Data Warehousing, BI and Data Science

5 June 2015

Indexing Fact Tables in SQL Server

Filed under: Analysis Services — Vincent Rainardi @ 5:12 pm

This article applies only to SQL Server as it is using clustered and nonclustered indices. It doesn’t apply to Oracle or Teradata or DB2.

Apologies I’m going straight to the matter, without explaining what is a clustered index key, what is a dimension key column, etc. For an introduction to indexing, here are Microsoft’s articles: Clustered and NonClustered Indexes Described, Using Clustered Indexes, Designing An Index.

A common way of indexing a fact table is by putting a clustered index on the fact key column, then put nonclustered index on each of the dimension key column. This will allow the each of the nonclustered index to be efficiently used, whilst ensuring that they are slim.

They are slim because in SQL Server, a nonclustered index uses the clustered index key as the row locator. The clustered index key, as I mentioned above, is the fact key which is a bigint.

They are efficiently used because they are built on each of the dimension key. Each of them as the first index key, not as a second or third index key. This ensures that they will be hit by the queries using that dimension key, because they are the first column in the index key.

But there is a major weekness. Most fact tables are periodic snapshot. Meaning that each query will hit the fact table on the snapshot date key column. Either directly hitting the fact table, or via the date dimension. On the latter case it specifies the snapshot date (2015-03-31), so it will hit the date dimension, and then hit the fact table on the snapshot date key column (20150331).

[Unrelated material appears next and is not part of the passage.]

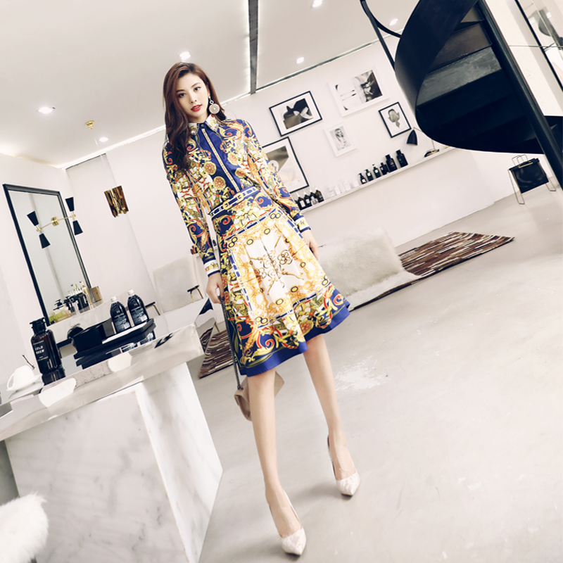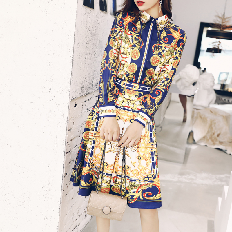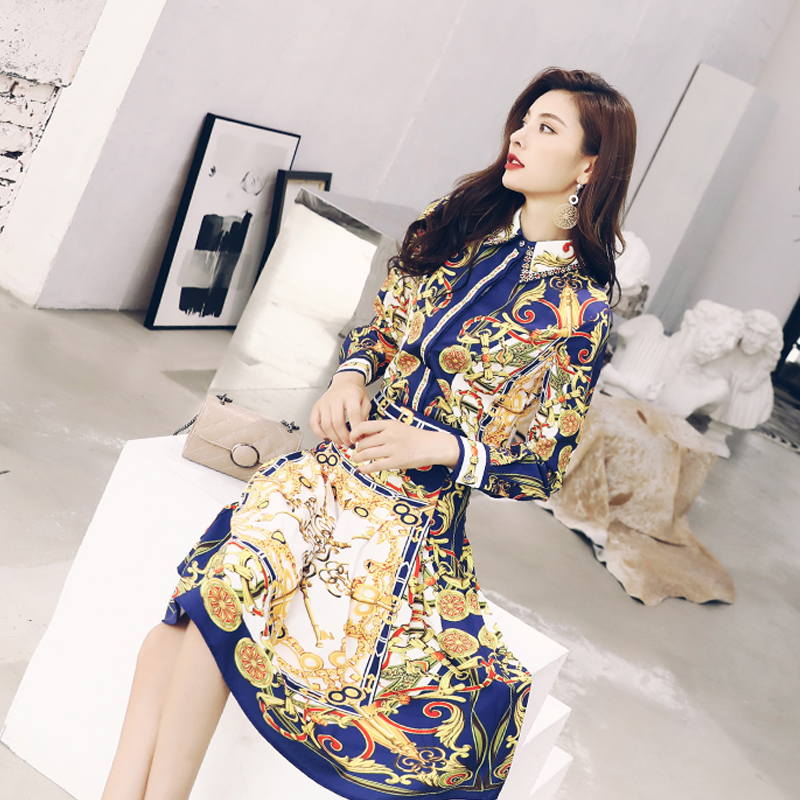/ 名媛氣質2018秋季女套裝新款長袖印花襯衫高腰修身百褶半裙兩件套

Because periodic snapshot fact tables are primarily queried on the snapshot date key, it would be a lot better to use the clustered index to hold the snapshot date key column, not the fact key column. The primary key of the fact table should still be the fact key column, but the clustered index is on the snapshot date key column.

A Primary Key doesn’t have to be a clustered index

It is a common misperception in SQL Server world, that a PK must be a clustered index. That is not so. On the create table statement, if we just do “create table X (column1 int primary key …” then SQL Server will put the PK as a clustered index. But we put the PK on the Constraint clause we can specify nonclustered.

Yes SQL Server need to create an index for a PK. This is to enforce that the PK is unique. But that index does not have to be a clustered index. It can very well be a nonclustered index. See this example below:

create table FactHoldings
( FactKey bigint,
  DateKey int,
  PortfolioKey int,
  SecurityKey int,
  CurrencyKey int,
  GrossValueBase decimal(21,4),
  constraint PK_FactKey primary key nonclustered (FactKey)
);

create clustered index CI_DateKey on Fact1 (DateKey);
create nonclustered index NI_PortfolioKey on Fact1 (PortfolioKey);
create nonclustered index NI_SecurityKey on Fact1 (SecurityKey);
create nonclustered index NI_CurrencyKey on Fact1 (CurrencyKey);

Yes, this will take more storage space for the index, because the row locator of NI_PortfolioKey and NI_CurrencyKey will be the DateKey column. But it will be more performant on almost every fact table query because the table is physically ordered on DateKey. So SQL Server will be able to locate the rows for the specified date quicker.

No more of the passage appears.